И он послушно пил. И коньяк долго бродил от кадыка к желудку, потом укладывался приятной ватностью в руках и ногах. А вместе с ним укладывались и фразы Первого в звенящей богатырской его голове. Приживались, пускали корни и становились уже его фразами, его мыслями.

Расставались с Первым уже окончательно единомышленниками и друзьями, хлопали друг друга по бицепсам. А потом оказалось, что завтра — Первомай, и Самсон Иванович, покачиваясь с похмелюги, гордо стоял на трибуне и смотрел на народ, и выкрикивал в него высокие слова. А народ радовался и принимал их за чистую монету.

Пришлось теперь Самсону Ивановичу изучать «дипломатию», должность требовала, когда надо и подлизать чью-то задницу и принять на себя чужие шишки. Но зато и лестница вверх перед ним открылась широкая с ковром и перилами, а за лестницей (очень он на это надеялся) будет лифт и на самый верх. Так что маленькие неприятности можно было стерпеть.

В восьмидесятые перебрался Самсон Иванович в крайком — завотделом сельского хозяйства. А потом избрали его председателем Краснодарского крайисполкома.

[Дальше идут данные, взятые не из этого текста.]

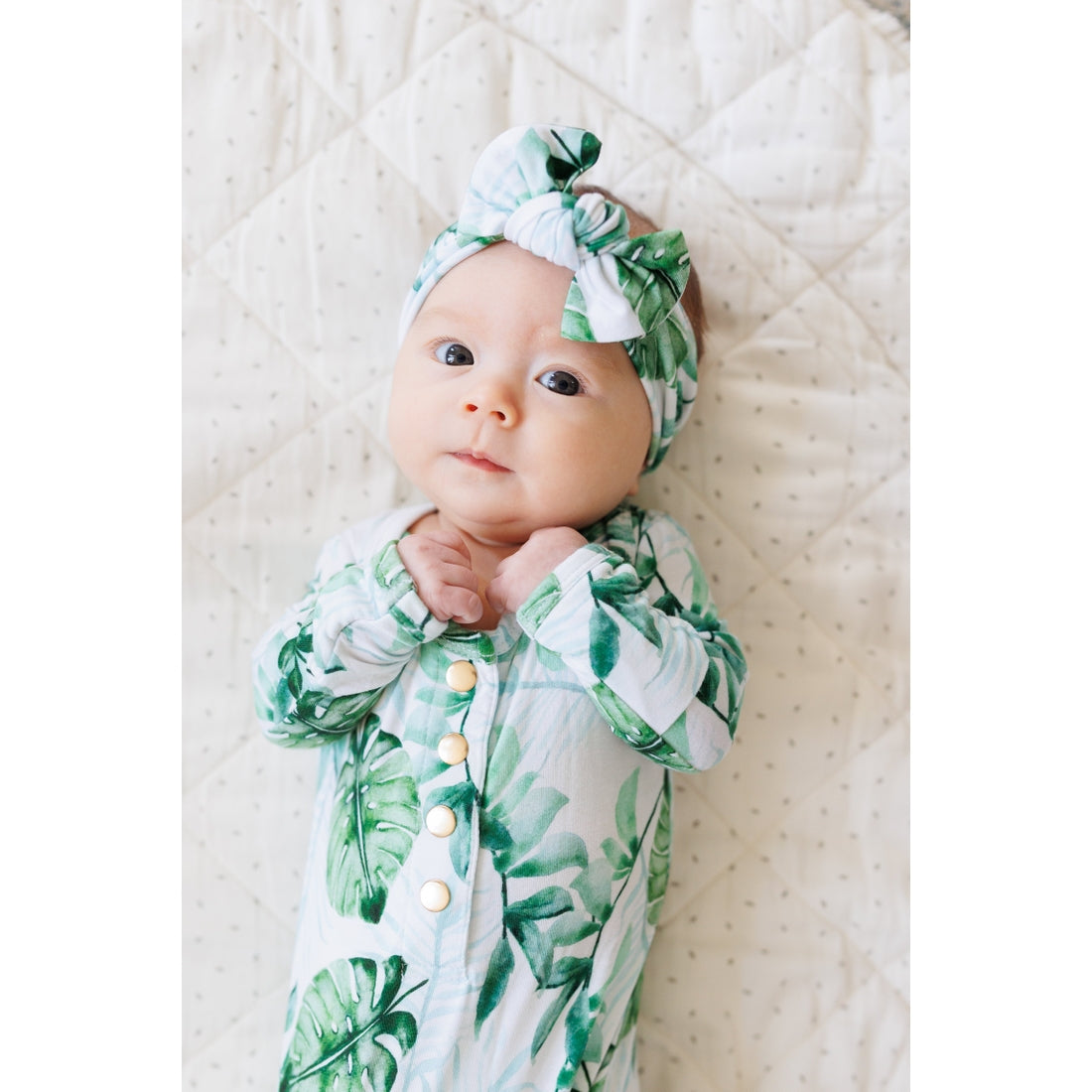 Fabric: Our headbands are made out of 95% viscose from bamboo and 5% spandex to provide a soft, stretchy fabric to fit comfortably on baby's head. Fit: Newborn to 4 months with an adjustable bow for a perfect fit Style: Our original print designs are made to be fun, vibrant and reflect a Florida lifestyle. Care: Machine wash cold with like colors, tumble dry low, do not bleach. Print was designed in collaboration with Jessa Bray!

Опираясь на верных людей, не растрачивал он попусту сил на борьбу с соперниками. Успел полюбить Самсон Иванович комфорт и достаток, но о правилах преподанных ему в свое время Первым не забывал, старался и для народа. Много ли ему надо, бедному. Изверившиеся за долгие годы бездействия власти, люди нетерпеливо ждали конкретных поступков, помощи, и появление Коваленко в президиумах всяческих съездов, собраний, конференций воспринималось как неотъемлемая часть его большой хозяйственной работы. И результаты его деятельности были налицо: ремонтировались дороги и строились дома, находились деньги на ремонт школ и больниц, в темноте окраинных районов появлялись свет и милицейские патрули… И за всем этим стоял председатель крайисполкома народный депутат Самсон Иванович Коваленко.

Чем выше ты, любил говаривать Самсон Иванович, тем больше возможностей помочь людям. Особенно, когда в основе карьеры лежат большие дела, а не кулуарные интриги. Но подкосило Коваленко злополучное ГКЧП.

Самое обидное, что на Союз, который так хотели сохранить путчисты, ему было плевать. Даже наоборот радовался, когда прибалты зашевелились. Пусть бы и катились вместе с остальными нацменами. Россия без них проживет, а вот они без России еще неизвестно как справятся. Горбачева не любил за мягкотелость, думал, попрут его. Поэтому создал в крае свое местное ГКЧП, опередив обкомовских ротозеев и перестраховщиков. И вышло, что самому через четыре дня пришлось расстаться с кабинетом, еще и дело завели, правда, потом закрыли.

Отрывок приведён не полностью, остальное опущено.